Fragmentation/Recombination:
1. Fragmentation: As the QGP fireball expands and cools, it undergoes fragmentation. During fragmentation, the high-energy quarks and gluons within the fireball fragment into smaller clusters or pre-hadrons. These pre-hadrons are then converted into mesons and baryons.
2. Recombination: In addition to fragmentation, recombination can also occur during hadronization. In recombination processes, the constituent quarks and antiquarks from different color-neutral clusters can recombine to form hadrons. This can lead to the production of hadrons with different flavors and quantum numbers.
Coalescence:
1. Quark Coalescence: In the coalescence mechanism, neighboring quarks within a small volume in the fireball come together and form hadrons. This occurs when the quarks have sufficient momentum and spatial overlap to overcome the color confinement forces.
2. Cluster Coalescence: Cluster coalescence involves the combination of pre-hadrons or clusters of quarks into larger hadrons. As the fireball expands and cools, these clusters can merge and form hadrons with higher masses.
Both fragmentation and coalescence processes contribute to the hadronization of QGP fireballs.

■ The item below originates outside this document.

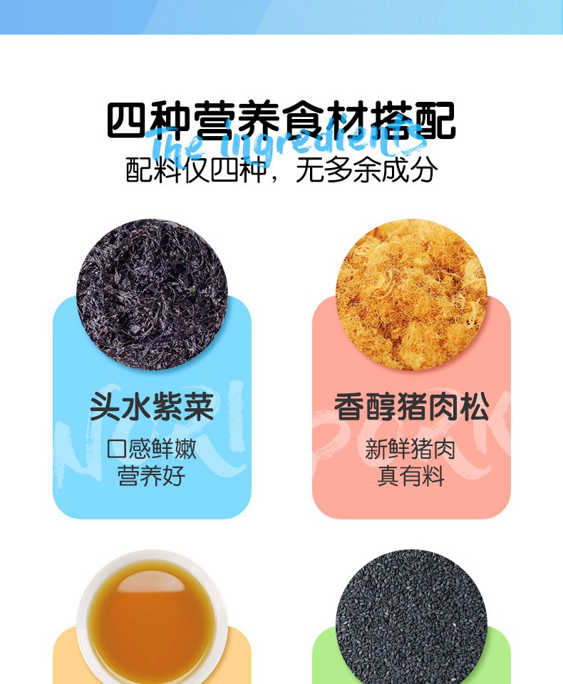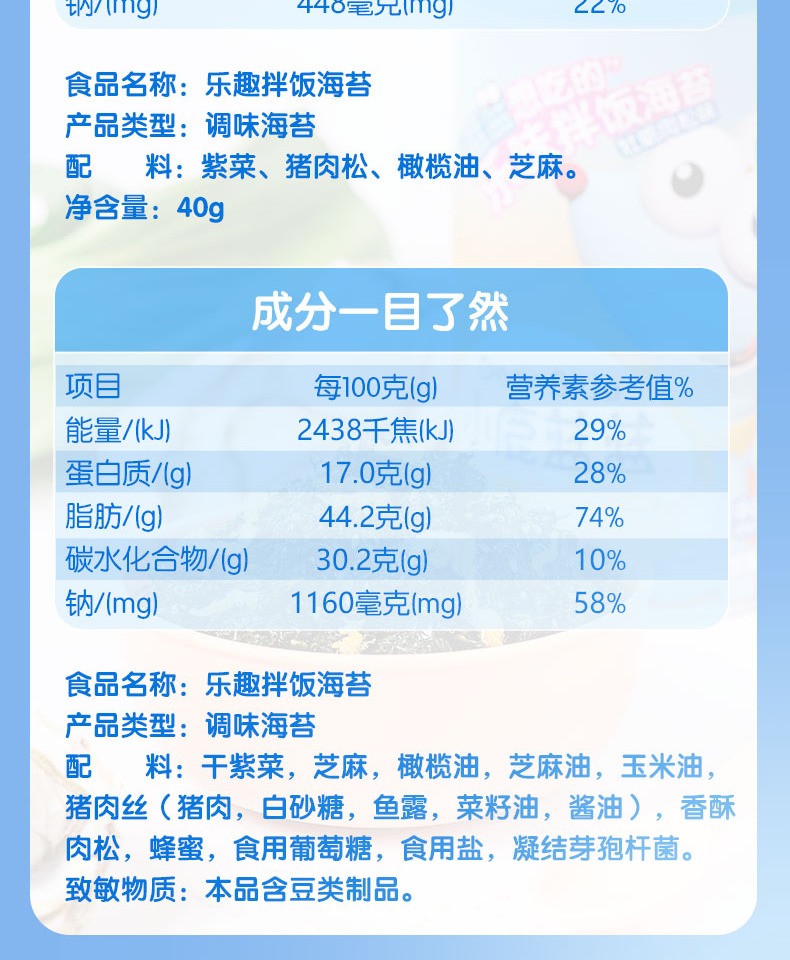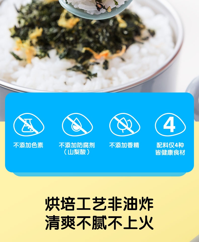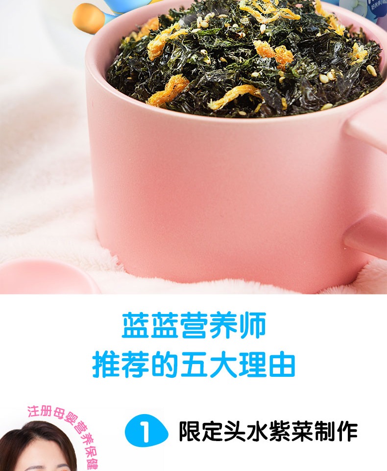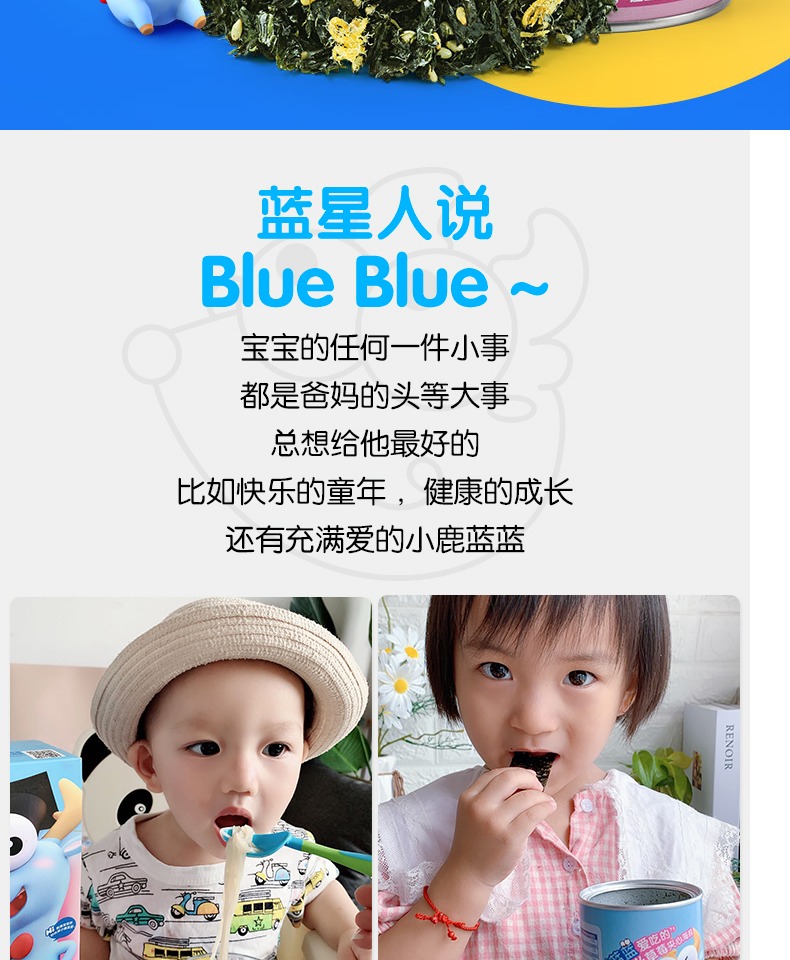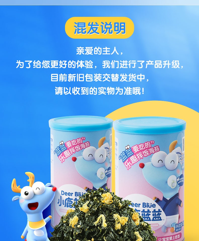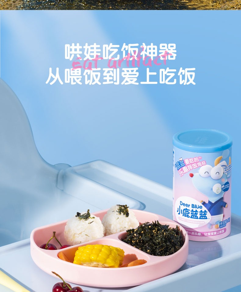 小鹿蓝蓝肉松海苔碎拌饭料,精选猪肉丝和海苔丝混合,特别添加益生菌、橄榄油,呵护宝宝小肚肚,给宝宝丰富的营养~

The dominant mechanism may depend on the specific collision energy, system size, and fireball properties. Experimental measurements of hadron production and their properties, such as momentum distributions, hadron ratios, and correlations, provide important insights into the hadronization dynamics of QGP fireballs.
It's worth noting that understanding the hadronization process of QGP is an active area of research in high-energy nuclear physics. Ongoing experiments and theoretical studies aim to further unravel the mechanisms and characteristics of hadronization in heavy-ion collisions.